Ecgberht vowed that if he recovered, he would become a "peregrinus" on perpetual pilgrimage from his homeland of Britain and would lead a life of penitential prayer and fasting.[1] He was twenty-five, and when he recovered he kept his vow until his death at age 90.[4] According to Henry Mayr-Harting, Ecgberht was one of the most famous ‘pilgrims’ of the early Middle Ages,[1] and occupied a prominent position in a political and religious culture that spanned northern Britain and the Irish Sea.[5]
He began to organize monks in Ireland to proselytize in Frisia;[6] many other high-born notables were associated with his work: Saint Adalbert, Saint Swithbert, and Saint Chad. Ecgberht arranged the mission of Saint Willibrord, Saint Wigbert and others to the pagans.[7] He, however, was dissuaded from this by a vision related to him by a monk who had been a disciple of Saint Boisil (the Prior of Melrose under Abbot Eata).[6] Ecgberht instead dispatched Wihtberht, another Englishman living at Rath Melsigi, to Frisia.[5]
In 684, he tried to dissuade King Ecgfrith of Northumbria from sending an expedition to Ireland under his general Berht, but he was unsuccessful.[8]
While in Ireland, Ecgberht was one of those present at the Synod of Birr in 697, when the Cáin Adomnáin was guaranteed.[9]
Ecgberht had influential contacts with the kings of Northumbria and of the Picts, as well as with Iona, which he persuaded to adopt the Roman Easter dating about 716.[10] He died on the first day that the Easter feast was observed by this manner in the monastery, on 24 April 729.[11]
His feast day in the Eastern Orthodox Church and the Roman Catholic Church, 24 April, is found in both the Roman, Irish, and Slavic martyrologies and in the metrical calendar of York. Though he is now honoured simply as a confessor, it is probable that St. Ecgberht was a bishop.[12]

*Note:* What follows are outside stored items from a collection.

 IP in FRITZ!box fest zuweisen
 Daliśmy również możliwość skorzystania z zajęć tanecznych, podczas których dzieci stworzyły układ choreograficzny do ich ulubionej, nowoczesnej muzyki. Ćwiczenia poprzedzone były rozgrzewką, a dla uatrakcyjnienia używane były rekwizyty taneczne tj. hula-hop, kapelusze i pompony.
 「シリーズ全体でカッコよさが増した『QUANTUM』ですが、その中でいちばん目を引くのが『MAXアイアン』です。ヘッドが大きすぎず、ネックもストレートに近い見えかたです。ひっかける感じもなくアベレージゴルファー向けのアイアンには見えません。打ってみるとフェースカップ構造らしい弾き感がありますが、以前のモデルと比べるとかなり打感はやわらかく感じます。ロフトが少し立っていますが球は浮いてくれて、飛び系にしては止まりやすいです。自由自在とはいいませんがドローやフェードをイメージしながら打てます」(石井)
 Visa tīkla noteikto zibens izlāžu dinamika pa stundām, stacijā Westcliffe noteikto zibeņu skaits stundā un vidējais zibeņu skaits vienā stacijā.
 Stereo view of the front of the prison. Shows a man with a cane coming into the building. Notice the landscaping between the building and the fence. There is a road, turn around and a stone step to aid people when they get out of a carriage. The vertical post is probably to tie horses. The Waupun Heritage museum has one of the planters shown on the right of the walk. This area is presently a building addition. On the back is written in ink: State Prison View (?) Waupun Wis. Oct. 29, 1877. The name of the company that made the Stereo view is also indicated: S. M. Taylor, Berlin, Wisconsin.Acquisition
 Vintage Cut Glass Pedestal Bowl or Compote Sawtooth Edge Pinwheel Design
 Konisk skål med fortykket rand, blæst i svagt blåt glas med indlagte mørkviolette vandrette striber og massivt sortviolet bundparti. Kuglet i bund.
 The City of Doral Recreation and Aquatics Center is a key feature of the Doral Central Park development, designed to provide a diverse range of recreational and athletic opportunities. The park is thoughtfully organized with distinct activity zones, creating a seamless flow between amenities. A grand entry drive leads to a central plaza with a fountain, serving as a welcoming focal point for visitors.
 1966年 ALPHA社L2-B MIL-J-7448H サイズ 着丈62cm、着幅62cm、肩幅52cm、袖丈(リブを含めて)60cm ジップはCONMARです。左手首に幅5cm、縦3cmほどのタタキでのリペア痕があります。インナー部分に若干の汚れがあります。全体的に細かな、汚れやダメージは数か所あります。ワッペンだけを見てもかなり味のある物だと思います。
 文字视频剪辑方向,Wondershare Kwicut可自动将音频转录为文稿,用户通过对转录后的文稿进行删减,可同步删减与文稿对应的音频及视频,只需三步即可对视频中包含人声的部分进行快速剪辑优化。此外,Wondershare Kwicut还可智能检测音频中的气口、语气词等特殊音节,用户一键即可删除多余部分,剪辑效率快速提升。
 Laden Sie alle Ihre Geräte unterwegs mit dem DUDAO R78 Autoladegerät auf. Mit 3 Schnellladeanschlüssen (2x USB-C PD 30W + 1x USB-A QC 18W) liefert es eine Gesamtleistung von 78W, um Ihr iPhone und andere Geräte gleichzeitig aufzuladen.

Saint Ecgberht ought not to be confused with the later Ecgberht, Archbishop of York.
Notes
- 1 2 3 Mayr-Harting, Henry. "Ecgberht (639–729)", Oxford Dictionary of National Biography, 2004, accessed 24 Jan 2014
- ↑ Bede, Historia ecclesiastica gentis Anglorum 3.4
- ↑ Bede, Historia ecclesiastica gentis Anglorum 4.3
- 1 2 Bede, Historia ecclesiastica gentis Anglorum 3.27
- 1 2 Costambeys, Marios. "Willibrord [St Willibrord] (657/8–739)", Oxford Dictionary of National Biography, Oxford University Press, 2004; online edn, Jan 2011, accessed 24 Jan 2014
- 1 2 Bede Historia ecclesiastica gentis Anglorum 5.9
- ↑ Bede, Historia ecclesiastica gentis Anglorum 5.9, 5.10
- ↑ Bede, Historia ecclesiastica gentis Anglorum 4.26
- ↑ Kuno Meyer, "Cain Adamnain: An Old-Irish Treatise on the Law of Adamnan", available at the Internet Medieval Sourcebook.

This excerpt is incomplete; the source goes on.